Study of GSK2862277 in Subjects Undergoing Oesophagectomy Surgery

• Subject has a planned elective transthoracic oesophagectomy
• Male or female between 18 and 80 years of age inclusive, at the time of signing the informed consent.
• Capable of giving written informed consent, which includes compliance with the requirements and restrictions listed in the consent form.
• A female subject is eligible to participate if she is of:
• Non-childbearing potential defined as pre-menopausal females with a documented tubal ligation or hysterectomy; or postmenopausal defined as 12 months of spontaneous amenorrhea [in questionable cases a blood sample with simultaneous follicle stimulating hormone (FSH) > 40 milli-International Units per milliliter and estradiol < 40 picograms per milliliter (<147 picomoles per liter) is confirmatory]. Females on hormone replacement therapy (HRT) and whose menopausal status is in doubt will be required to use contraception methods if they wish to continue their HRT during the study.
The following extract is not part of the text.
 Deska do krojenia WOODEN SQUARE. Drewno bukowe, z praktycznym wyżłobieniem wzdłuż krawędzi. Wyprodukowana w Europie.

Otherwise, they must discontinue HRT to allow confirmation of post-menopausal status prior to study enrolment. For most forms of HRT, at least 2-4 weeks should elapse between the cessation of therapy and the blood draw; this interval depends on the type and dosage of HRT. Following confirmation of their post-menopausal status, they can resume use of HRT during the study without use of a contraceptive method.
• Liver parameters according to the thresholds below: Aspartate aminotransferase and Alanine aminotransferase < 5x Upper limit of normal (ULN); alkaline phosphatase and bilirubin <=1.5xULN (isolated bilirubin >1.5x ULN is acceptable if bilirubin is fractionated and direct bilirubin <35%).
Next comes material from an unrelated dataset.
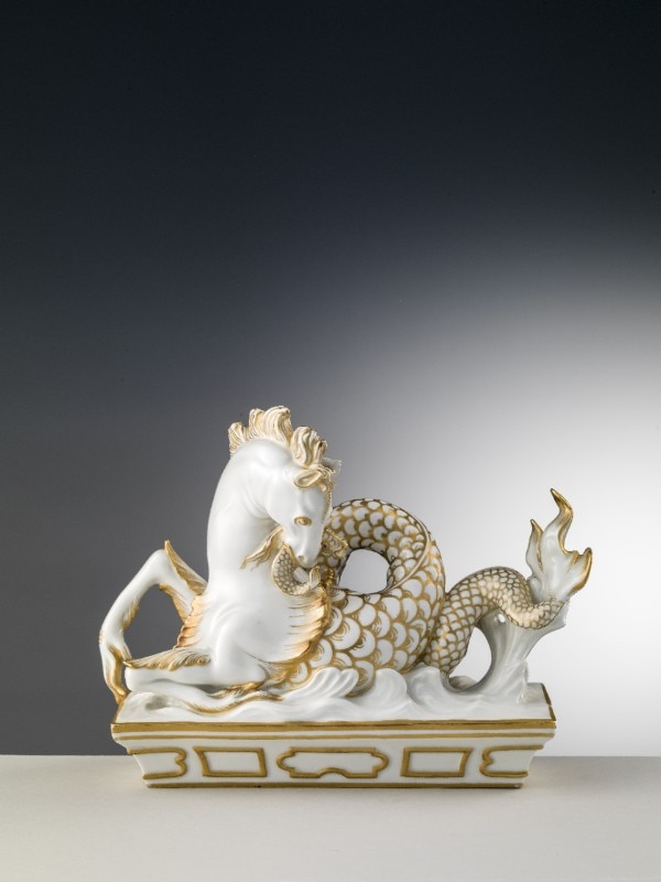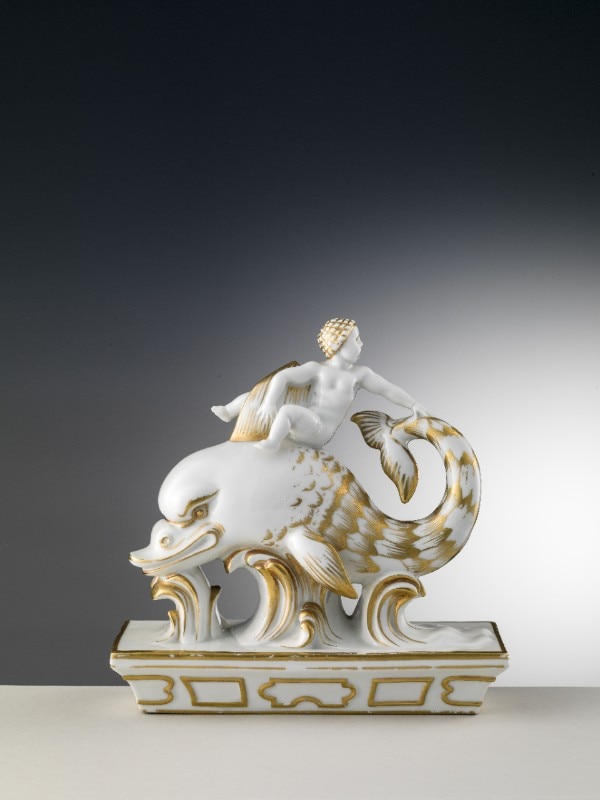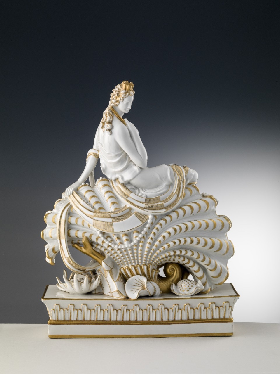 Il centrotavola, ideato tra il 1927 e il 1929 da Gio Ponti con la collaborazione di Tomaso Buzzi (che peraltro realizzò per Villa Necchi due grandi consoles decorate con arazzi di Bruxell del XVI secolo) e modellato da Italo Griselli per la Richard Ginori, nella storica Manifattura di Doccia, reinterpreta un oggetto neoclassico – i sontuosi centrotavola che imitavano la spina di un circo romano – in stile Art Déco. La scultura è centrata sulla figura allegorica dell’Italia adagiata su una conchiglia e circondata da animali araldici e altri piccoli elementi in porcellana.

• QT duration corrected for heart rate by Bazett's formula (QTcB) or QT duration corrected for heart rate by Fridericia's formula (QTcF) <= 480 milliseconds (msec) at screening
• Either QTcB or QTcF, machine or manual over-read can be used. This applies to both males and females. The QT correction formula used to determine inclusion and discontinuation for an individual subject should be the same throughout the study.
• Based on average QTc value of triplicate ECGs obtained over a brief recording period.
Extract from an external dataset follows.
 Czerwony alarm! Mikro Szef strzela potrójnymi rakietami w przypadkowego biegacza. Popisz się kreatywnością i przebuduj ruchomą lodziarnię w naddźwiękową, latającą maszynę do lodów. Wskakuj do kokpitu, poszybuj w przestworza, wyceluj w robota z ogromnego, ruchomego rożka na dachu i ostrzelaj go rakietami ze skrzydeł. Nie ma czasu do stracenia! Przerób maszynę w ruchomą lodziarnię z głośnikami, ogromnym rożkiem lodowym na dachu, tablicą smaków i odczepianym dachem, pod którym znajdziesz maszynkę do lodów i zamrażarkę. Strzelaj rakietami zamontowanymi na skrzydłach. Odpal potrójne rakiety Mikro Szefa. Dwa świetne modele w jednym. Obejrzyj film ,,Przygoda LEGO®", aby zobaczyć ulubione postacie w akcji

• Positive screening test for pre-existing antibodies that bind GSK2862277.
• Current evidence or history of pneumonia within 14 days before dosing.
• Diagnosis of chronic respiratory disease with a forced expiratory volume in one second (FEV1) less than 50% predicted or resting oxygen saturations of less 92%.
• History of sensitivity to any of the study medications, or components thereof or a history of drug or other allergy that, in the opinion of the investigator or GSK Medical Monitor, contraindicates their participation.
• The subject has received an investigational product within the following time period prior to the first dosing day in the current study: 30 days, 5 half-lives or twice the duration of the biological effect of the investigational product (whichever is longer).
• Use of corticosteroids (Intravenous, oral or Intramuscular) at a dose of >= 10 Milligrams per day (mg/day) prednisolone (or equivalent) within 14 days prior to dosing, or anti-Tumor Necrosis Factor (anti-TNF) or anti-IL1 within 60 days prior to dosing.

Criteria Based Upon Medical Histories

• History or current evidence of clinically significant renal disease, diabetes mellitus/metabolic syndrome, hypertension, peripheral vascular disease or any other clinically significant respiratory, cardiovascular, neurological, endocrine, or hematological abnormalities that are uncontrolled on permitted therapy. Significant is defined as any disease that, in the opinion of the Investigator, would put the safety of the patients at risk through study participation, or which would affect the safety analysis or other analysis if the disease/condition exacerbated during the study.
• Current or chronic history of liver disease, or known hepatic or biliary abnormalities (with the exception of Gilbert's syndrome or asymptomatic gallstones).
• History of regular alcohol consumption within 6 months of the study, defined as: an average weekly intake of >28 units for males or >14 units for females. One unit is equivalent to 8 grams of alcohol: a half-pint [~240 milliliter (ml)] of beer, 1 glass (125 ml) of wine or 1 (25 ml) measure of spirits Criteria Based Upon Diagnostic Assessments
• Screens positive for Hepatitis B surface antigen, Hepatitis C antibody
• Known Human Immunodeficiency Virus (HIV) positive; testing will be conducted in accordance with local procedures
• Tests positive for Mycobacterium tuberculosis using QuantiFERON Gold Test. Other Criteria
• Subject has received a live attenuated vaccine(s) within 3 weeks of randomisation or will require vaccination with a live attenuated vaccine prior to the end of the study (Day 28).
• Unwillingness or inability to follow the procedures outlined in the protocol.
• Subject is mentally or legally incapacitated.